Drugmakers are only partially complying with a new California law that requires they disclose price increases; most ignored the requirement that they cite reasons for those increases.
Among the 1,020 drug price increase reports submitted to the Office of Statewide Health Planning and Development, or OSHPD, 68% did not give any explanations, despite the law's requirement that they show how expenses and drug improvements necessitated the price increases.
The industry has not had to justify price increases before, said Anna Kaltenboeck, program director and senior health economist in Memorial Sloan Kettering Cancer Center's Center for Health Policy and Outcomes. The questions companies left unanswered invite further inspection, she said.
"Those questions don't just go away," Kaltenboeck said. "They kind of stick around and continue to raise other questions.
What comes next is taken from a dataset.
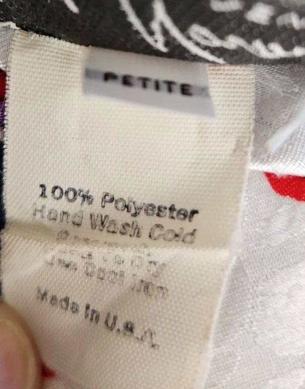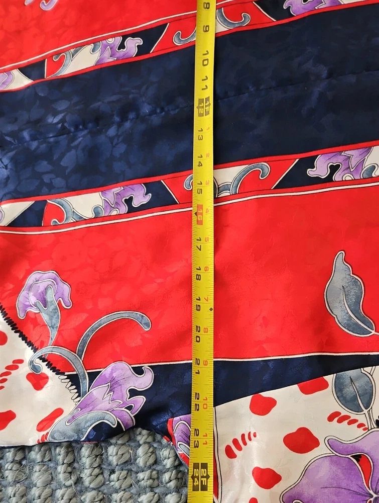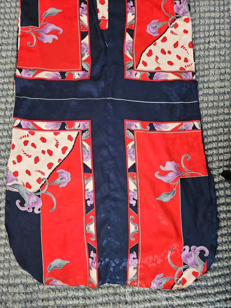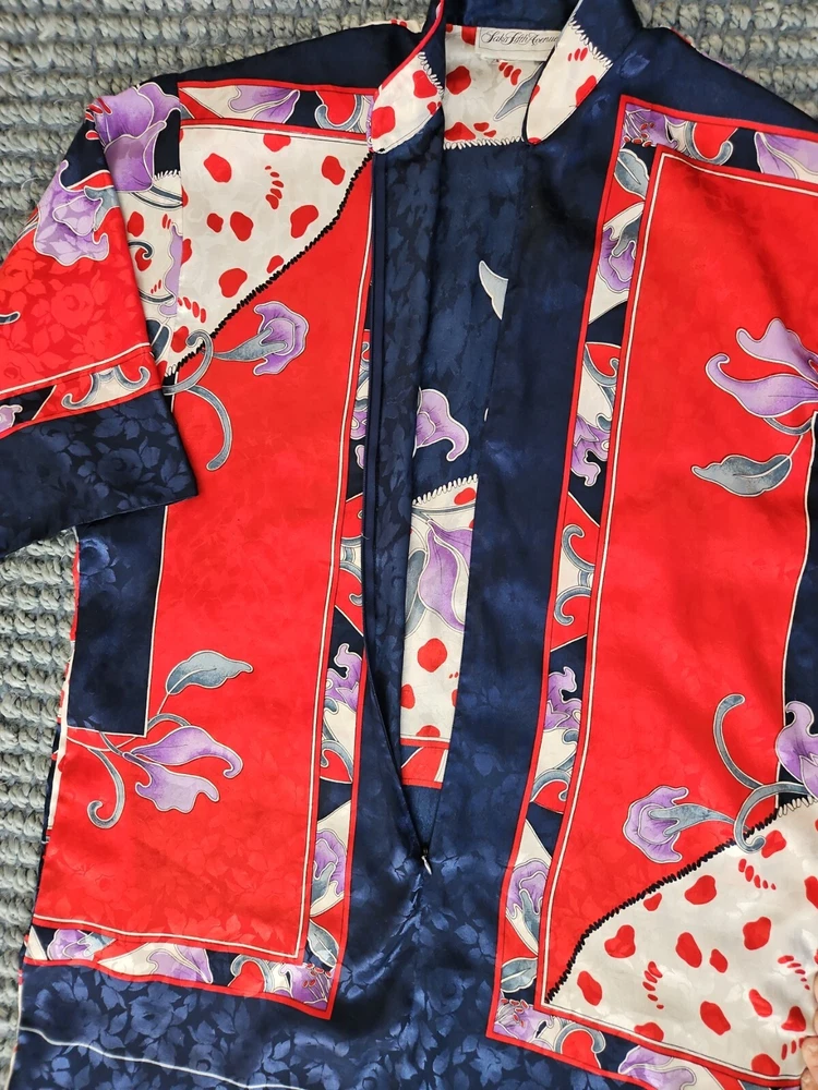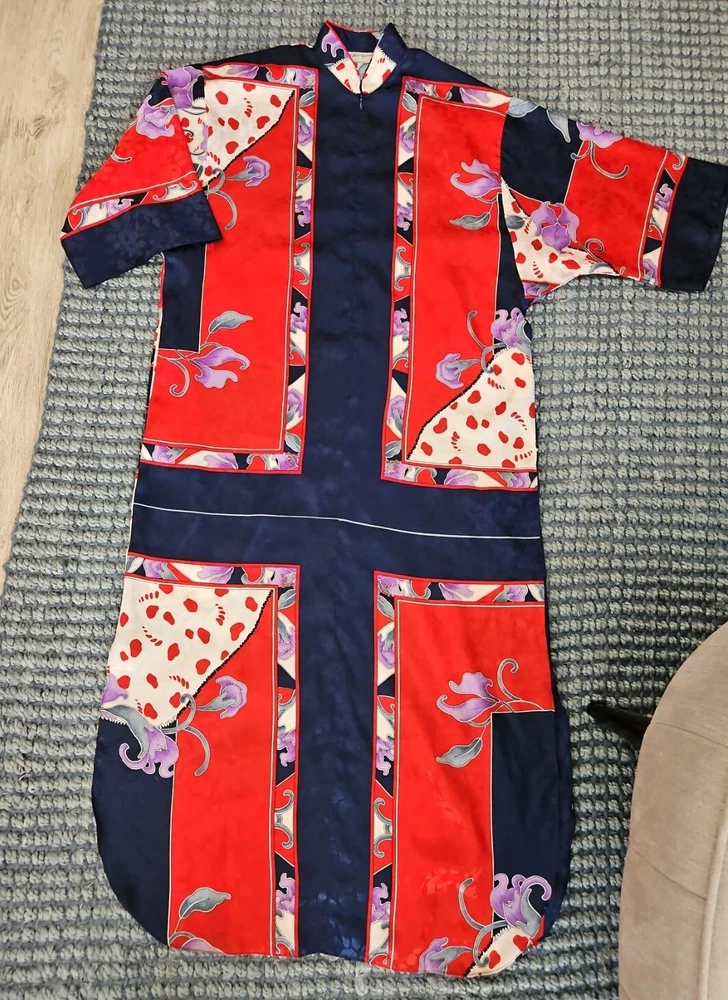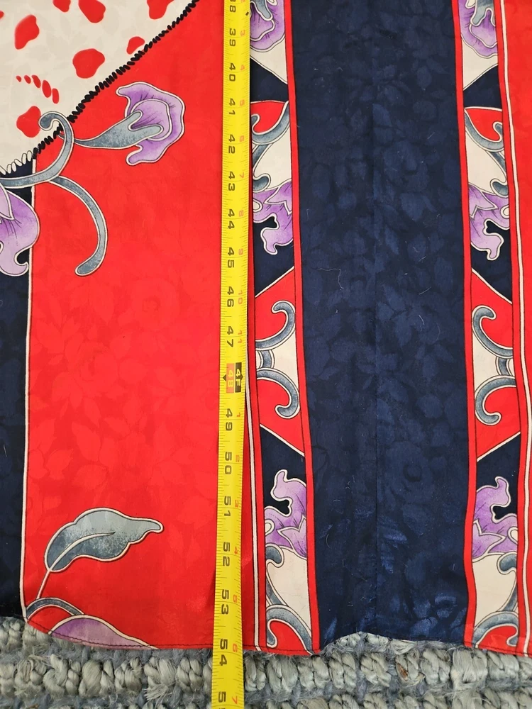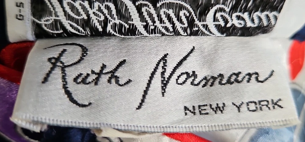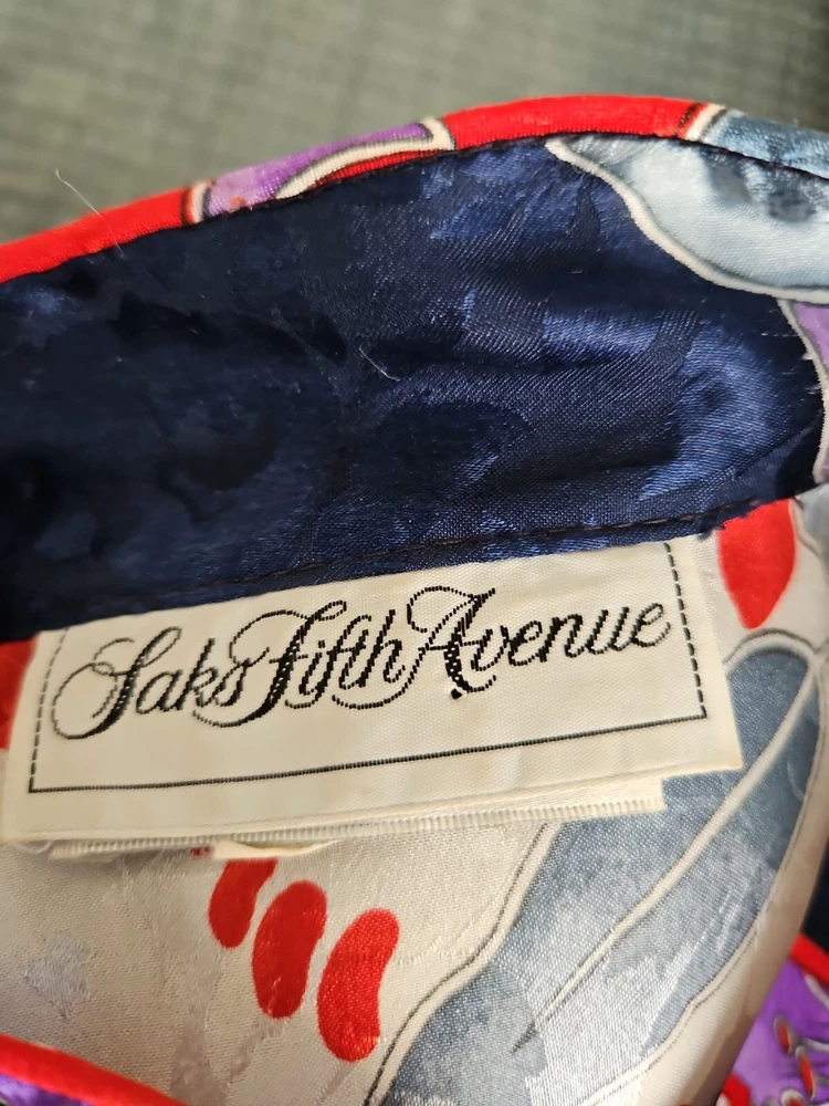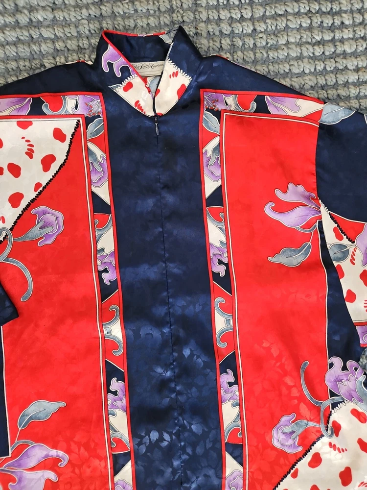 VINTAGE RUTH NORMAN SAKS FIFTH AVENUE CAFTAN MAXI DRESS RED WHITE BLUE PURPLE. Mandarin collar. It says petite on tag. I am size xl and tried it on. It does go on but it is not flowy as it should be. I think M/L, perhaps S if you like things a bit oversized. Front zipper. I think that they also considered this a hostess gown. Pattern is beautiful!
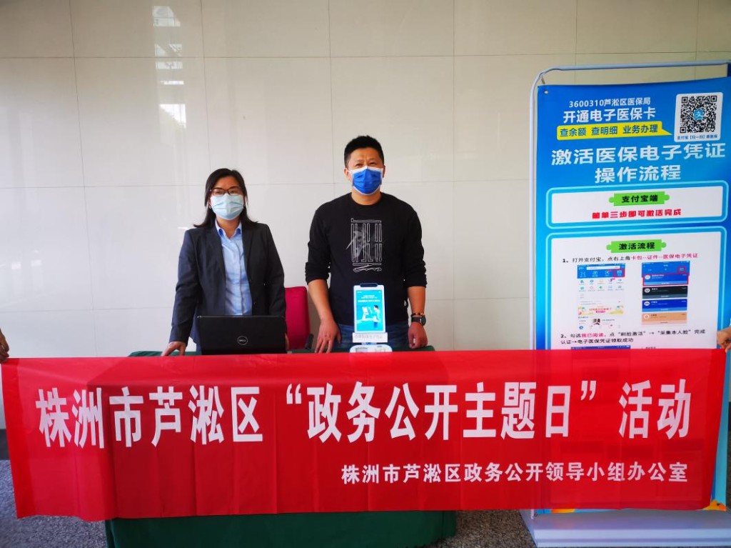 10月21日上午,芦淞区开展“电子医保凭证注册宣传”政务公开主题日活动,活动由区医保局承办。

In that sense, transparency is doing what it's supposed to."
Nonetheless, OSHPD's first data release triggered by the 2017 drug price transparency law was eye opening. Drugmakers, whose trade group is currently suing OSHPD to stop the data releases, reported a 25.8% median increase in the wholesale acquisition cost, or list price, of prescription drugs in the first quarter of 2019 over the previous two calendar years, or roughly 8% per year. The inflation rate was 2% over the same period, OSHPD noted.
Some price hikes were far greater. The anti-anxiety, anti-seizure medication Ativan is the most expensive drug in OSHPD's data, with a list price of $32,336 as of January, a 370% increase from before Jan. 31, 2014. The drug, priced for a 1,000-pill package that pharmacies use to fill multiple prescriptions, jumped 134% in price in 2014 alone.
Lainie Keller, a spokeswoman for Bausch Health, the company that makes Ativan, wrote in an email that new leadership in May 2016 established its current pricing approach, which limits annual increases on branded prescription medications to single digits.
The drug Xenazine, used to treat a movement disorder caused by Huntington's disease, cost $28,200 as of January 2019 for 112, 25-milligram tablets, a 156% increase since before January 2014. The manufacturer, Lundbeck, said in a statement that the price adjustment reflects the cost of research and development, the small patient population that takes the medication, market conditions and patient assistance programs.
“The biological processes involved in brain diseases are very complicated,” Lundbeck spokeswoman Ashleigh Duchene wrote in an email. “This creates significant hurdles in R&D for diseases where there remains high unmet need for additional therapies.”
A course of the chemotherapy drug Afinitor costs $15,707 for a 5-milligram dose, a 94% increase from before January 2014. Novartis, the company that makes Afinitor, did not return a request for comment.